--- Record excerpts ---
++++++
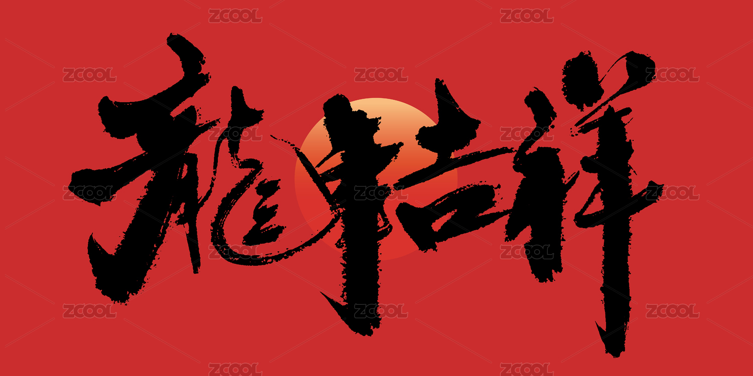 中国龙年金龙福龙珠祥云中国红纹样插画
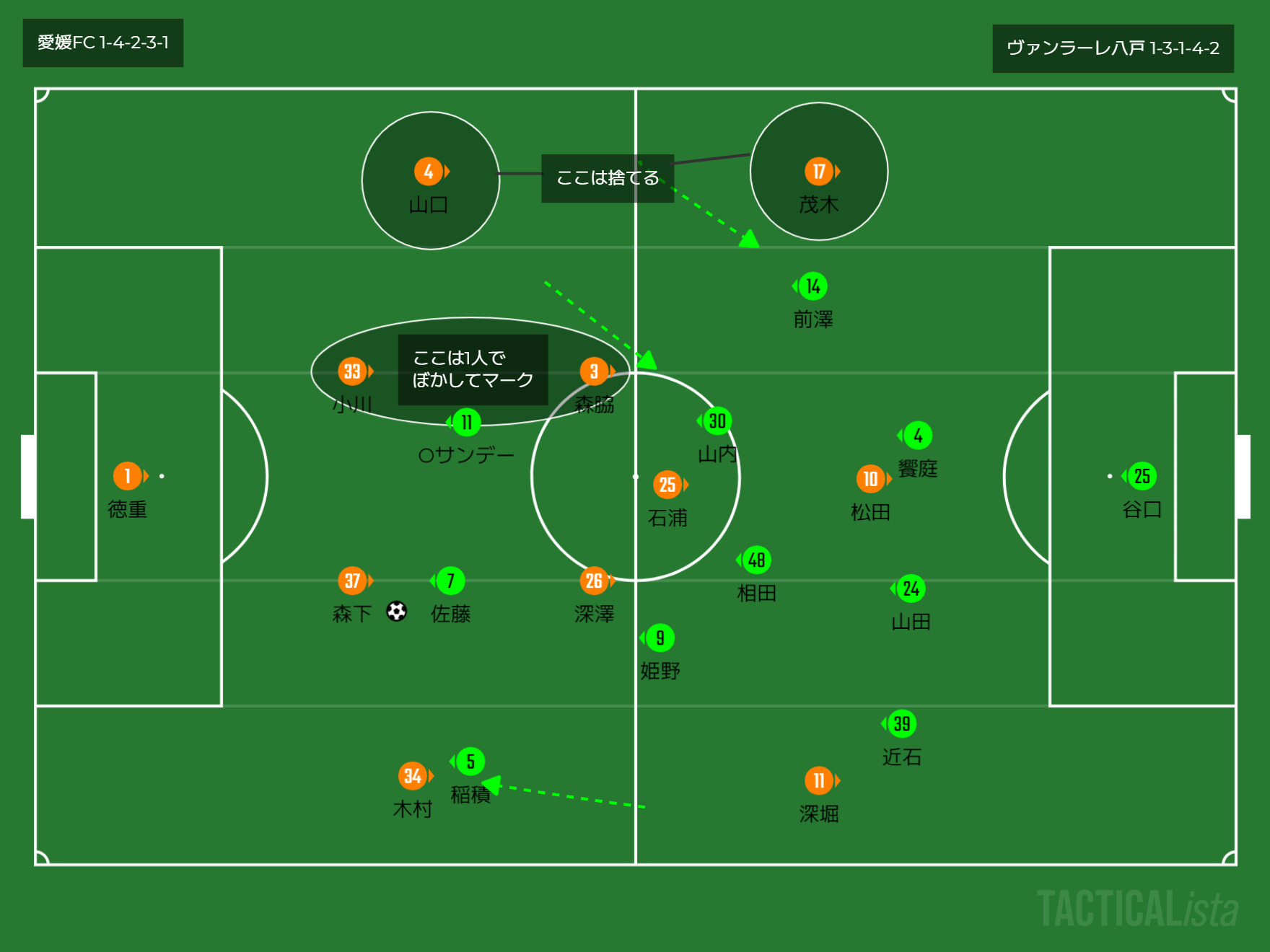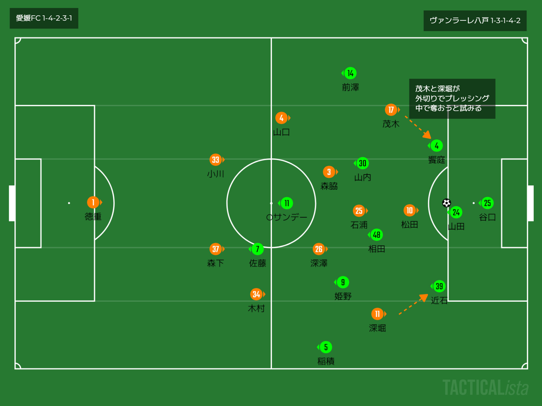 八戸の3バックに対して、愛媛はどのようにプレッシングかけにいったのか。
++++++
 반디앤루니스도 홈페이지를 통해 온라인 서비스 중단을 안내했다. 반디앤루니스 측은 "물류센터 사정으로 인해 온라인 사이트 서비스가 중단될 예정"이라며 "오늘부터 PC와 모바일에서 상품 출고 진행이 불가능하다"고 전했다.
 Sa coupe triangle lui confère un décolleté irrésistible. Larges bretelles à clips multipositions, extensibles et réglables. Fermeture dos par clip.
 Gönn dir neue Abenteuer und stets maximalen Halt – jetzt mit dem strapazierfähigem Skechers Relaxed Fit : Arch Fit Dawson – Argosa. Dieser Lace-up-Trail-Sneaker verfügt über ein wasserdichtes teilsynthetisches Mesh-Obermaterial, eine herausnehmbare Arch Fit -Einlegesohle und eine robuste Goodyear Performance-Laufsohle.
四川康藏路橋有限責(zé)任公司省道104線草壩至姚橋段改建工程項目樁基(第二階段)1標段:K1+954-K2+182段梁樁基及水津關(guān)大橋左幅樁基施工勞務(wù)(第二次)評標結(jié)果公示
++++++
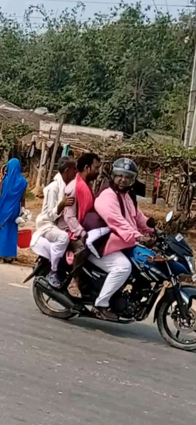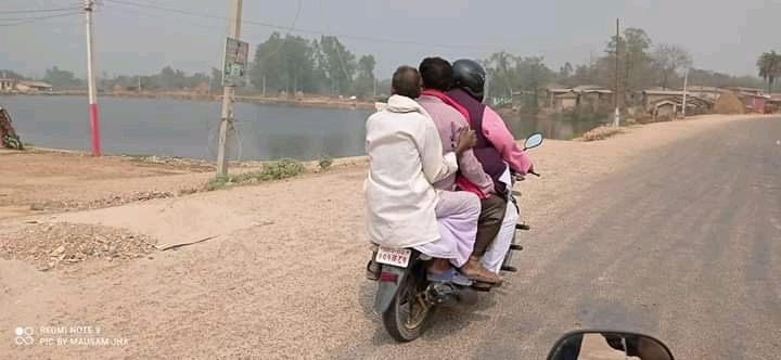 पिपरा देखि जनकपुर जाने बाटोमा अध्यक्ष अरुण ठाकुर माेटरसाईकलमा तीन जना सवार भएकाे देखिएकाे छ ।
++++++
--- Work task ---
Retype exactly the lines above, from the one with "반디앤루니스도 홈페이지를 통해" through the one with "四川康藏路橋有限責(zé)任", inclusive.

--- Solution to the exercise ---
 반디앤루니스도 홈페이지를 통해 온라인 서비스 중단을 안내했다. 반디앤루니스 측은 "물류센터 사정으로 인해 온라인 사이트 서비스가 중단될 예정"이라며 "오늘부터 PC와 모바일에서 상품 출고 진행이 불가능하다"고 전했다.
 Sa coupe triangle lui confère un décolleté irrésistible. Larges bretelles à clips multipositions, extensibles et réglables. Fermeture dos par clip.
 Gönn dir neue Abenteuer und stets maximalen Halt – jetzt mit dem strapazierfähigem Skechers Relaxed Fit : Arch Fit Dawson – Argosa. Dieser Lace-up-Trail-Sneaker verfügt über ein wasserdichtes teilsynthetisches Mesh-Obermaterial, eine herausnehmbare Arch Fit -Einlegesohle und eine robuste Goodyear Performance-Laufsohle.
四川康藏路橋有限責(zé)任公司省道104線草壩至姚橋段改建工程項目樁基(第二階段)1標段:K1+954-K2+182段梁樁基及水津關(guān)大橋左幅樁基施工勞務(wù)(第二次)評標結(jié)果公示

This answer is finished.